[파이썬][scikit-learn] scikit-learn에서 CountVectorizer

05 Sep 2023

scikit learn

The scikit-learn library is a powerful tool for machine learning in Python. One of the useful features it offers is the CountVectorizer class, which is used for text analysis and feature extraction.

What is CountVectorizer?

CountVectorizer is a feature extraction method that converts a collection of text documents into a matrix of word counts. It helps us represent text data in a format that can be used by machine learning algorithms. Each row in the matrix represents a document, and each column represents a unique word in the corpus.
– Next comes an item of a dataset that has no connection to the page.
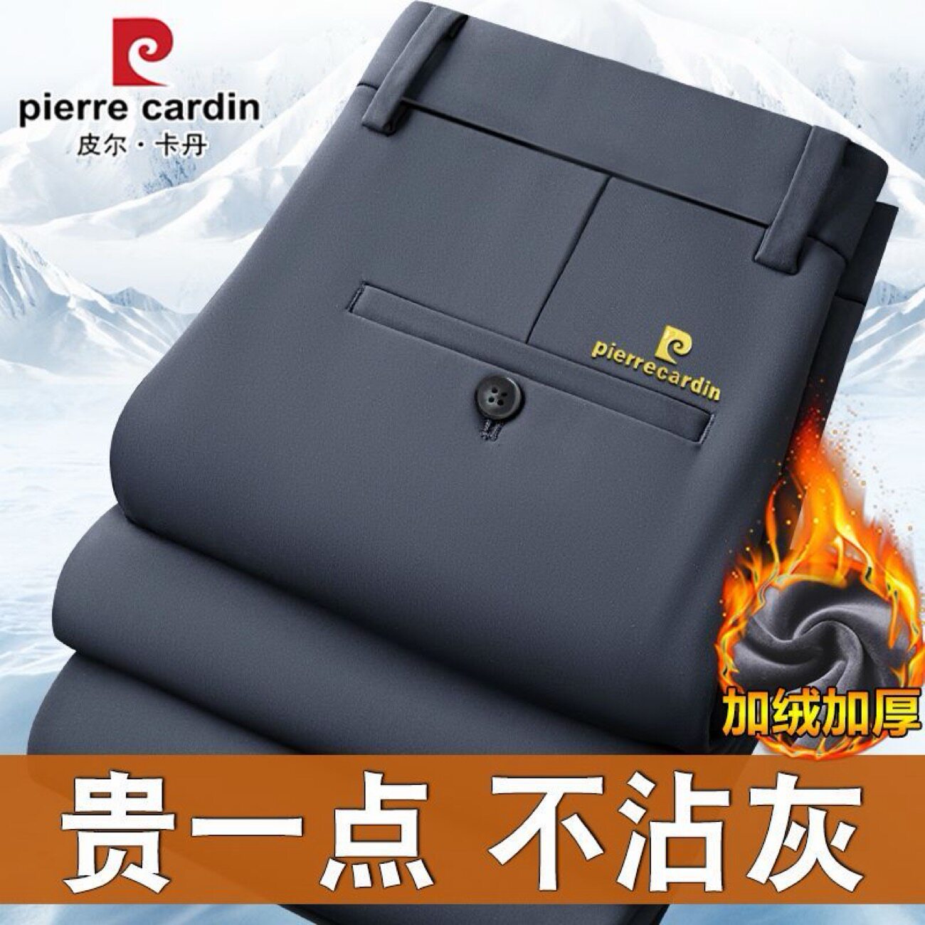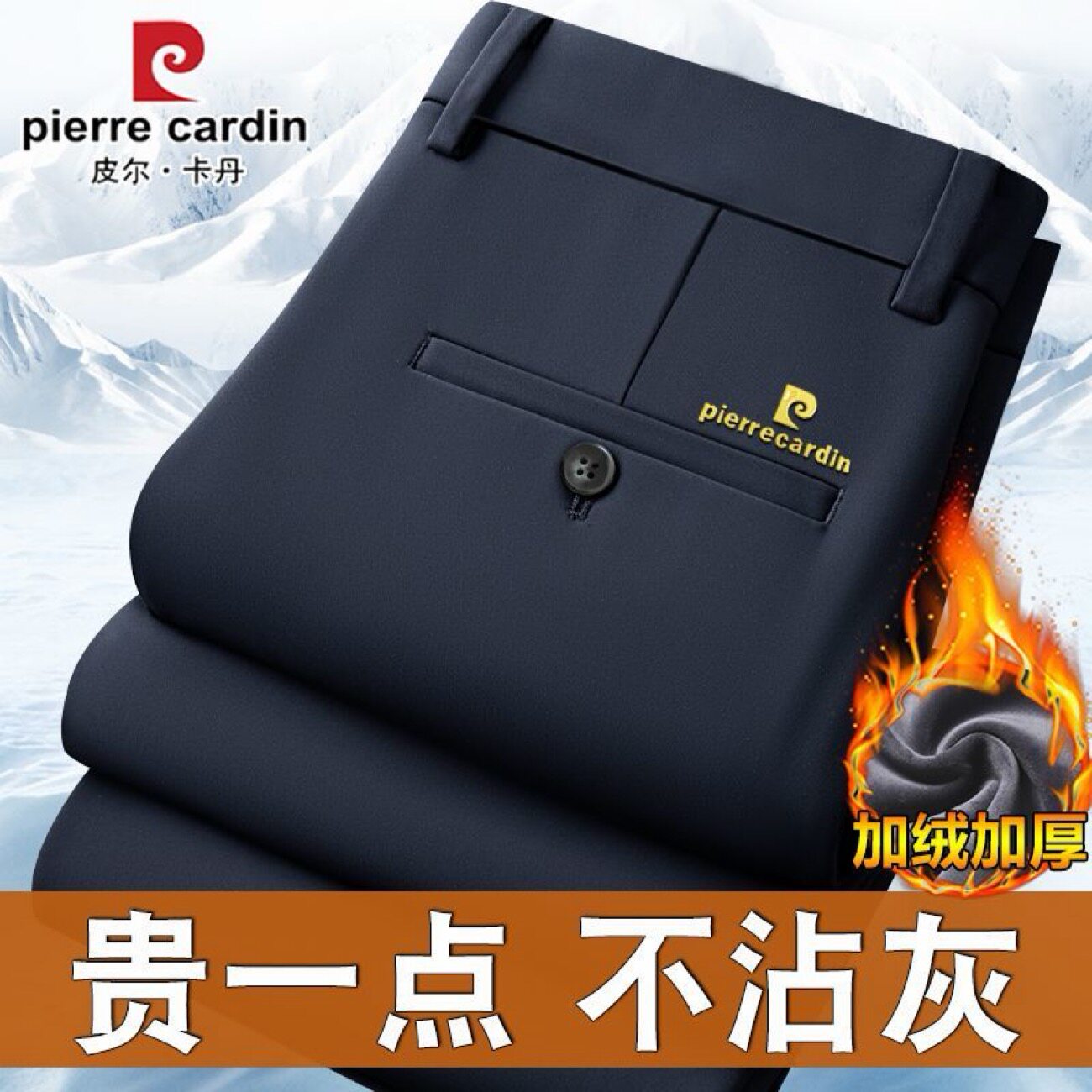 皮尔卡丹加绒加厚西裤男冬季弹力保暖中年休闲裤垂顺免烫宽松长裤

How to Use CountVectorizer

Here is an example of how to use CountVectorizer in scikit-learn:

from sklearn.feature_extraction.text import CountVectorizer

# Create an instance of CountVectorizer
vectorizer = CountVectorizer()

# Input data - a list of sentences
data = [
    "This is the first sentence.",
    "This sentence is the second one.",
    "And this is the third sentence."
]

# Convert the data into a matrix of word counts
X = vectorizer.fit_transform(data)

# Print the feature names
print("Feature names:", vectorizer.get_feature_names())

# Print the matrix of word counts
print("Matrix of word counts:")
print(X.toarray())

In this example, we import the CountVectorizer class from the sklearn.feature_extraction.text module. We then create an instance of the CountVectorizer class.
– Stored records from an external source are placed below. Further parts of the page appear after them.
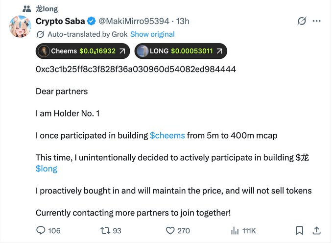BSC는 밈(meme) 모멘텀이 강세를 유지하며 🔥를 유지하고 있습니다! 새로운 토큰인 "Long 🐉"은 체인상에서 가장 많이 거래된 밈(meme) 으로 선두를 달리고 있으며, 상위 10명의 보유자가 공급량의 20% 이상을 통제하고 있습니다. 여기에는 공개적으로 매도하지 않겠다고 주장한 트레이더 Crypto Saba도 포함됩니다(👀).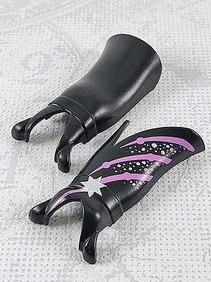 2-teiliges schmales langes Kleid, schwarz mit pinken Streifen und silbernen Stern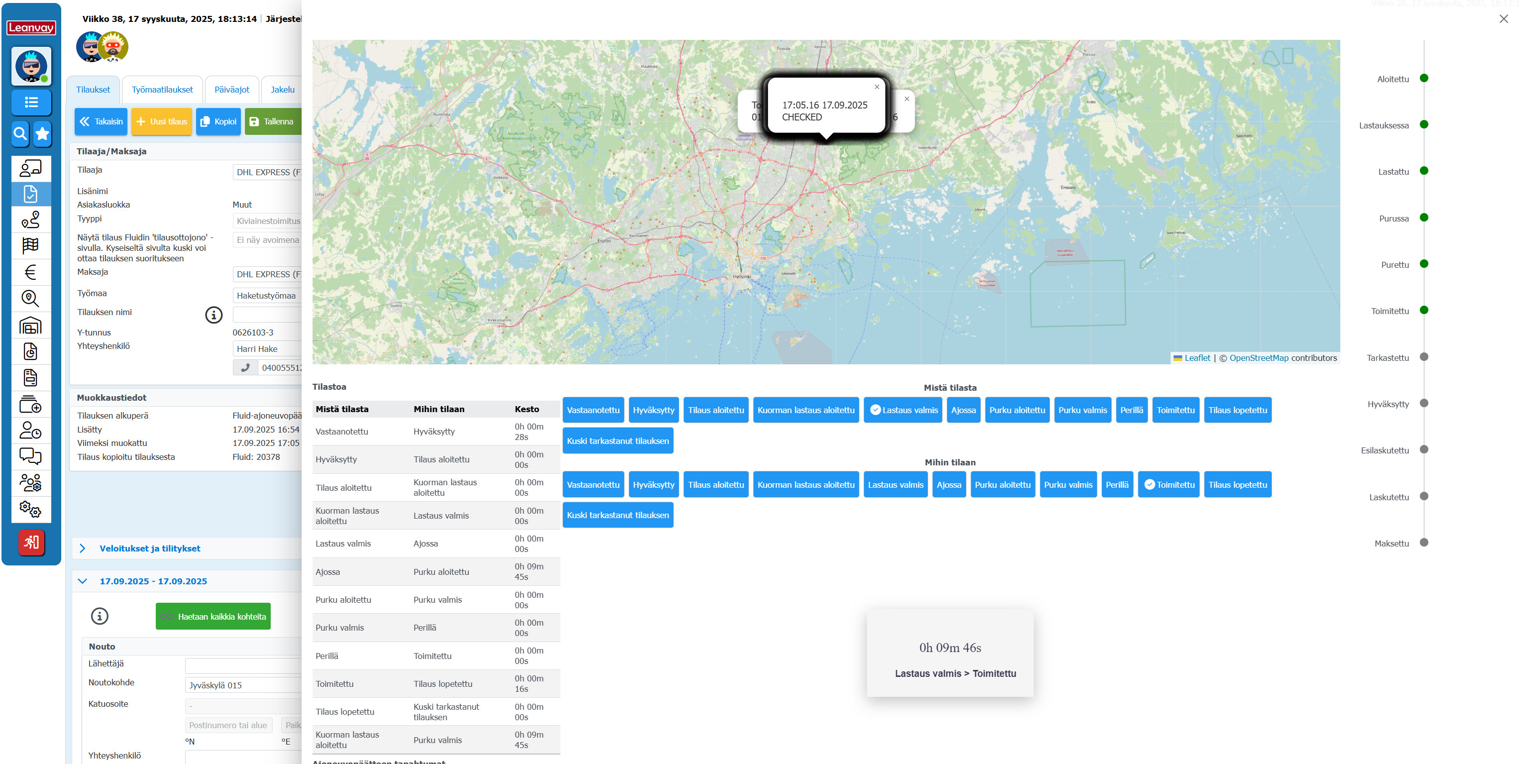 - [Uusi] Tilausten hallinta, tilauksen muokkaus: Lisätty kartan yhteyteen laskentaa tilauksen tiloista ja tapahtumista. Sinisiä nappeja painamalla saa laskennan ko. tilaväliltä. Huom: kaikissa tilaustyypeissä ei ole kaikkia tiloja.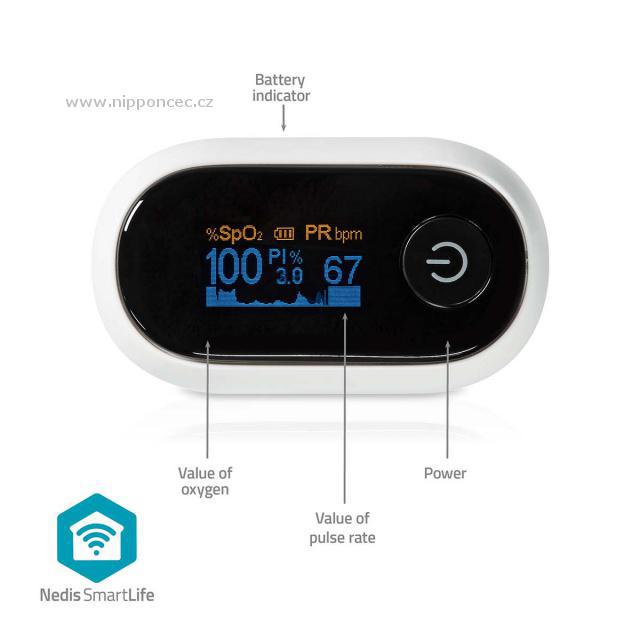 Chytrý pulzní oxymetr Nedis SmartLife BTHOX10WT měří kyslík v krvi (SpO2), tepovou frekvenci (PR) a perfuzní index (PI). Jeho obsluha je velmi jednoduchá - vložíte do něj prst a stisknutím jednoho tlačítka změříte všechny tři výše uvedené parametry. Samotné měření trvá 8 sekund a zjištěné hodnoty se zobrazí na OLED displeji. Přístroj vás upozorní zvukovým alarmem na nízkou hladinu kyslíku v krvi i na příliš nízkou nebo naopak vysokou tepovou frekvenci. Je napájen 2 bateriemi AAA, které nejsou součástí balení. Pomocí Bluetooth oxymetr snadno připojíte k aplikaci Nedis SmartLife, do níž lze automaticky ukládat zjištěná data. Díky tomu můžete naměřené hodnoty sledovat v průběhu času, případně je porovnat s výsledky ostatních členů vaší rodiny.

Next, we define our input data, which is a list of sentences. We use the fit_transform method of the CountVectorizer instance to convert the input data into a matrix of word counts.
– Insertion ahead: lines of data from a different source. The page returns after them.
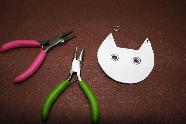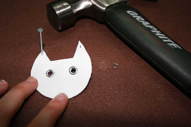 Utilizando el mismo método que antes, perfore dos agujeros en la orejas de gato en la parte superior. Tenga cuidado de no conseguir demasiado cerca del borde, como usted no desee rasgar.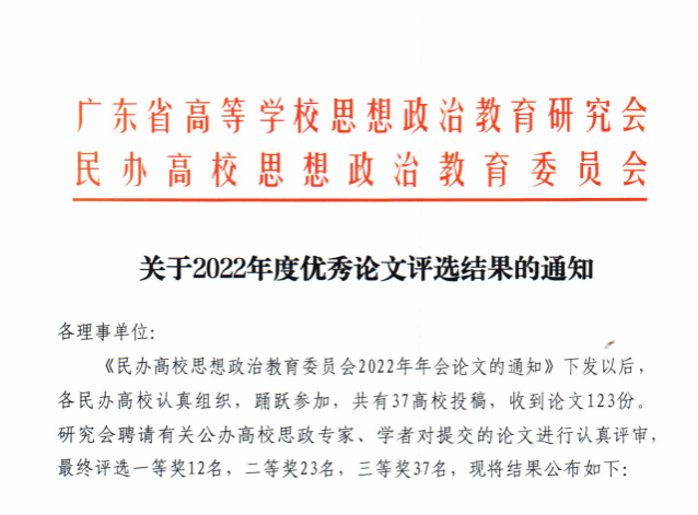 本网讯(马克思主义学院)自去年广东省高等学校思想政治教育研究会民办高校思想政治教育委员会《民办高校思想政治教育委员会2022年年会论文的通知》下发后,马克思主义学院认真组织,踊跃参加。近日论文评选结果出炉,马克思主义学院学术理论研究再创新高,院长李佩琼教授、书记何志红副教授、吴月、庞明明、孔祥志五位老师论文获选优秀论文奖。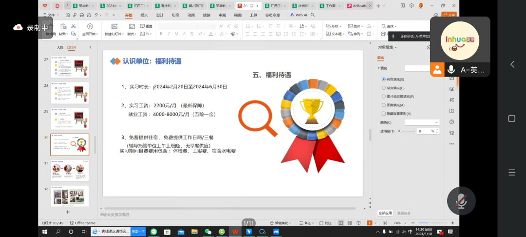 为深入贯彻落实党中央、国务院“稳就业”“保就业”决策部署,进一步做好公司2024届毕业生就业工作,拓宽毕业生就业渠道,搭建用人单位与毕业生之间的交流平台,2024年1月18日下午,ylzzcom永利总站联合广东唐彩教育集团、深圳英华教育集团、深圳雏鹰教育集团三家企业,采取线上宣讲招聘形式,为2024届毕业生开展线上专场招聘。公司党支部书记刘永东、2024届毕业班全体辅导员、部分2024届毕业生参加了本次线上招聘会,毕业班辅导员刘露主持会议。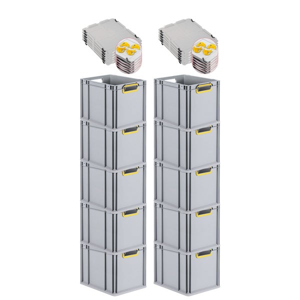 PROREGAL Spar Set 10x Eurobox Nextgen Color Mit Auflagedeckel & Schiebeschnappverschlüsse HxBxT 32 x 30 x 40 cm Griffe Gelb Offen Glatter Boden

We can access the feature names, which are the unique words in the corpus, using the get_feature_names method of the CountVectorizer instance. We can also access the matrix of word counts using the toarray method of the X variable.

Conclusion

The CountVectorizer class in scikit-learn is a powerful tool for feature extraction from text data. It allows us to convert a collection of text documents into a matrix of word counts, which can be used by machine learning algorithms. This makes it easier to work with text data and create models that can understand and process textual information efficiently.